List of OOB Demo of PIC32MZ-W1 Family of devices

System architecture

  • File System media is hosted on external SPI Flash

  • File system is exposed to Host PC over USB Mass Storage Device

  • Trust&Go device certificate is used for tamper proof security and pre-provisioned for use with all major cloud vendors

  • The demo exposes the on-chip binary certificates through a “native filesystem” for easy access

  • Each device gets a cryptographically verifiable identity

oob_demo_system_architecture

Run the demo

With zero coding, follow the operations to get your device connected on the Internet.

oob_operation

Setup board

  • Connect J202 jumper to VBUS-VIN.

  • Remove J301 jumpers.

Plug In

  • Connect USB power connector (J204) of your board to your Windows, Mac, or Linux PC through a micro USB cable.

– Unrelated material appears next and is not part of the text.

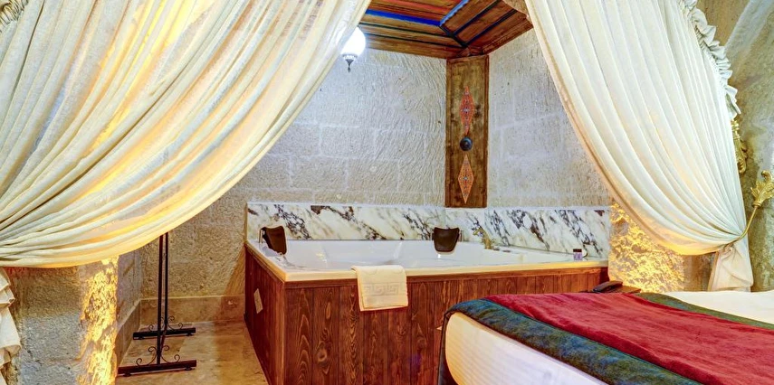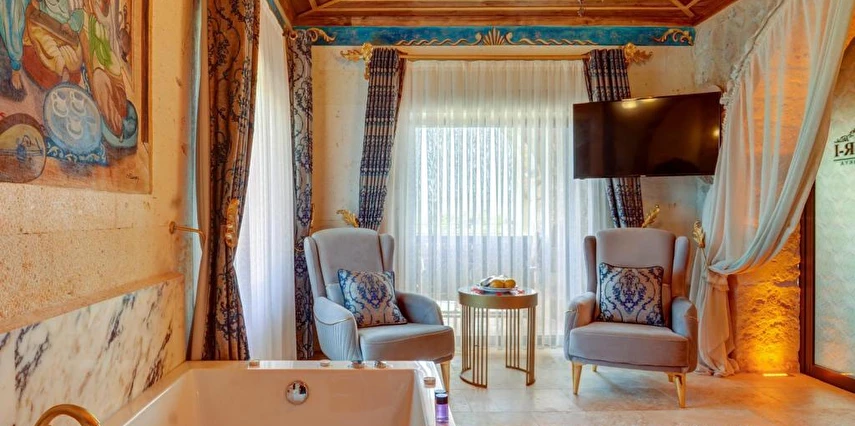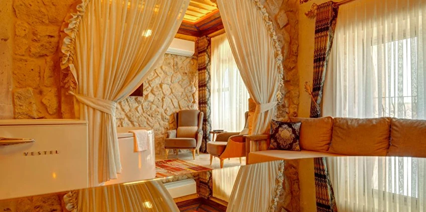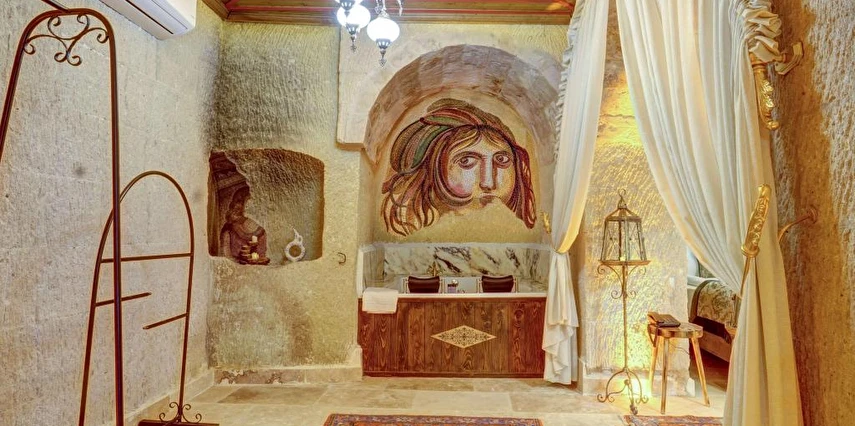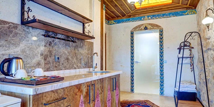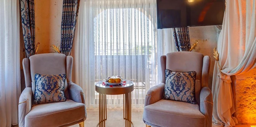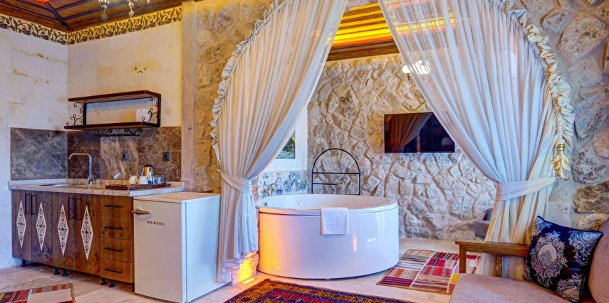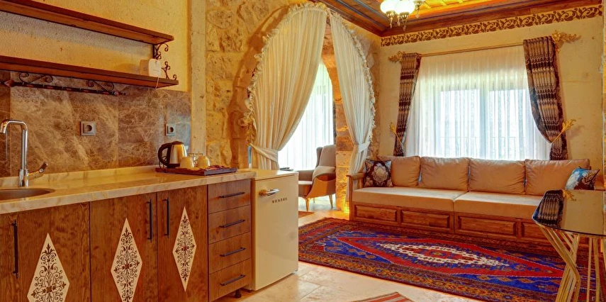Konforlu odaları ile Ortahisar'daki Kasr-ı Kapadokya Cave Suites, aileler için uygun odalar sunmaktadır. Bu odalar bahçe veya şehir manzarasına sahiptir. Ziyaretçiler bahçede veya terasta dinlenebilir, jakuziyi kullanabilir ve tesis bünyesindeki ücretsiz otoparktan yararlanabilirler. Ek özellikler arasında özel balkon, açık oturma alanı ve rahat bir kanepe bulunmaktadır. Kontinental, menü siparişi ve helal yemekler gibi çeşitli kahvaltı seçenekleri sunulmaktadır. Sabah deneyimi, yöresel yemekler, sıcak yemekler, taze pişmiş ürünler ve meyvelerle zenginleştirilmiştir.

Your PC will recognize the board as a removable storage drive.

    oob_new_drive

Dive In

Once your board is connected, you'll immediately be able to dive into your temperature data through Microchip’s AWS cloud sandbox.

oob_temperature
  • On top of the temperature graph, copy the unique Thing Name in the clipboard.

The Thing Name is also part of the web-app link: https://pic-iot.com/pic32mzw1/aws/
  • Click

    oob_whats_next
    button

  • To control the on-board LED from the cloud, select "Implement a Cloud-Controlled Actuator"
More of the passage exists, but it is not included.